Sembra l’inizio di una barzelletta quella di Arianna e Aurora, le due giovani fondatrici di Ecocentrico, un progetto divulgativo nato per raccontare questo mondo che gira a folle attraverso lo sguardo curioso di due 19enni.
Dal Green Friday come controproposta al Black November alla biopirateria.
Dall’avocado a 0 impatto ambientale a “Sustain”, il primo preservativo ecosostenibile. Armate di curiosità e avventurandosi in una scrupolosissima ricerca di fonti, queste due compagne di liceo hanno messo l’informazione al servizio dei social attraverso un linguaggio limpido che dribbla i soliti odiosi tecnicismi. Economia e politica finalmente rese accessibili ad un pubblico trasversale ed un modo efficace di creare eco-consapevolezza tra i Millennials (e non solo). Conosciamole meglio…

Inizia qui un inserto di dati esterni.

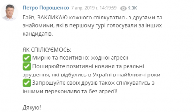 Действующий президент Украины Порошенко в своем Telegram-канале призвал украинскую молодежь общаться с друзьями и знакомыми, которые в первом туре президентских выборов голосовали за других кандидатов, и рассказывать им «о прошедших за последние пять лет положительных изменениях».

Da dove nasce Ecocentrico e come siete riuscite ad incastrare due background così distanti attraverso questo progetto?
Arianna: «In realtà in modo assolutamente casuale. Tre anni fa, tra i suggerimenti di visione su Netflix, ho scovato The True Cost, un documentario che illustra i retroscena della fashion industry e il suo disastroso impatto sull’ambiente. Mi si è aperto un mondo ed è stato il primo vero campanello d’allarme.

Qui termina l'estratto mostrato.